We’ll go on forever and I can truly say

I have met my love today

I have met my love today

“Crazy Bone” and “Summer’s End” are collaborations with McLaughlin. “Crazy Bone” is a jog-along ballad that attempts to explain (or justify) erratic behavior. If any song on this album had potential as a single, this is the one:

If you like your apples sweet

And your streets are not concrete

You’ll be in your bed by nine every night

Take your hand spanked corn fed gal

And your best friend’s four-eyed pal

To a treat right down the street

That’s dynamite

 

Let your conscience be your guide

If you put your foot inside

You wish you left your well enough alone

 

When you got hell to pay

Put the truth on layaway

And blame it on that old

Crazy Bone

“Summer’s End” is a gentle, but somewhat generic ballad about a love that has wandered away. Dan Auerbach joins McLaughlin and Prine as co-writer on “Caravan of Fools,” a somewhat dramatic but depressing ballad that expresses emotions we all have felt at one time or another:

The dark and distant drumming
The pounding of the hooves
The silence of everything that moves
Late at night you’ll see them
Decked out in shiny jewels
The coming of the
Caravan of Fools

Like the wings of a dove
The waiter’s white glove
Seems to shimmer by the light of the pool
Some dull blinding winter
When you can’t help but lose
You’re running with the
Caravan of Fools

“Lonesome Friends of Science” is a solo effort by Prine, both in terms of the songwriting and performance (it sounds like Prine accompanying himself on guitar with little else on the track until halfway through the track).
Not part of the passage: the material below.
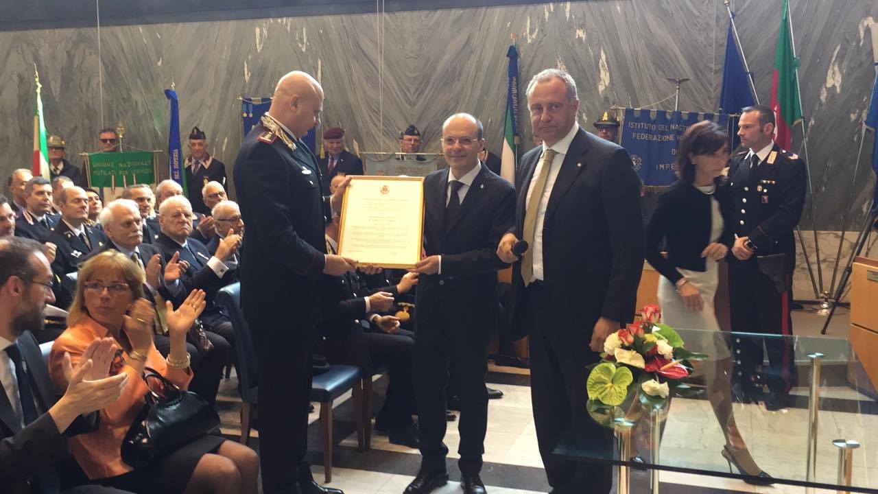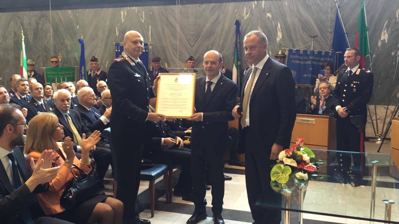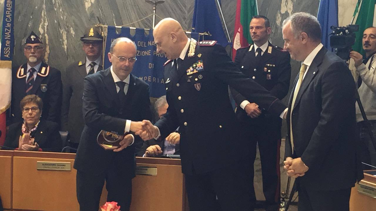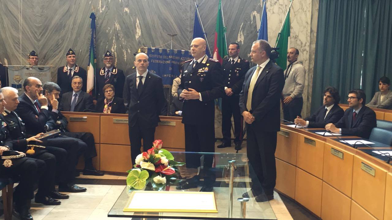 L’Arma dei Carabinieri cittadina onoraria di Imperia. Con un voto unanime, il consiglio comunale del capoluogo, ha conferito la cittadinanza onoraria all’Arma dei Carabinieri in occasione dell’ottantesimo anniversario dell’insediamento dei militari all’interno della caserma Somaschini, attuale sede del Comando Provinciale. A presiedere l’assise partecipata dalle massime autorità civili e militari della provincia, il presidente del consiglio Diego Parodi che dopo un breve intervento ha passato la parola al sindaco di Imperia Carlo Capacci.
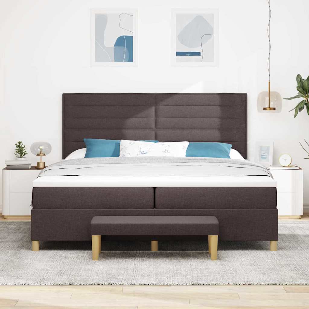 Bäddfjäder med madrass med huvudgavel Mörkbrun 200 x 200 cm tyg

I’m not sure that sardonic describes the song, but there are some interesting turns to the song

Those bastards in their white lab coats

Who experiment with mountain goats

Should leave the universe alone

It’s not their business, not their home

I go to sleep and it never rains

My dog predicts hurricanes

She can smell a storm a mile away

That’s all the news we have today

Prine collaborated with Keith Sykes on “No Ordinary Blue”, a song that that sounds like something Paul Simon might have written had he been something other than a New Yorker.

Last night
Turned on the TV
Looked out the window
Then pulled down the shade
And I came to the conclusion
My mind cannot be made

I hear a hear a lot of empty spaces
I see a big hole in you
I feel an outline that traces
An imaginary path back to you
This ain’t no ordinary blue

Auerbach, McLaughlin & Prine team up on “Boundless Love”, a song that can only be described as folk. I really like this song and its positive message,

If by chance I should find myself at risk
A-falling from this jagged cliff
I look below, and I look above
I’m surrounded by your boundless love

Surround me with your boundless love
Confound me with your boundless love
I was drowning in the sea, lost as I could be
When you found me with your boundless love
You don’t found me with your boundless love
You surround me with your boundless love

“God Only Knows” was co-written with Phil Spector. Since Spector currently is incarcerated, I suspect that this song was written some years ago. This song features singer-songwriter Jason Isbell on guitar and Amanda Shires on fiddle, with both of them singing backup

God only knows the price that you pay
For the ones you hurt along the way
And if I should betray myself today
Then God only knows the price I pay

God only knows
God only knows

God only knows the way that I feel
Is only a part of the way I feel
If I can’t reveal the way that I feel
Then God only knows the way I feel

God only knows
God only knows

The album closes with the upbeat “When I Get To Heaven”, a song Prine wrote by himself. The song is basically a narration with a sung chorus with a honky-tonk salon piano leading the way:

When I get to Heaven
I’m gonna shake God’s hand
Thank him for more blessings
Then one man can stand
Then I’m gonna get a guitar
And start a Rock and Roll band
Check into a swell hotel
Ain’t the ‘Afterlife’ grand!

Chorus:

And then I’m gonna get a cocktail
Vodka and Ginger Ale
Yeah, I’m gonna smoke a cigarette
That’s nine miles long
I’m gonna kiss that pretty girl
On the Tilt a Whirl
‘Cause this old man is going to town

I’ve never been a big John Prine fan except on his collaborative album with Mac Wiseman and the two duet albums with various female county stars because I did not like his voice. Recently I’ve gone back and revisited his catalog focusing on the lyrics and have gained a greater appreciation of his work and his talent.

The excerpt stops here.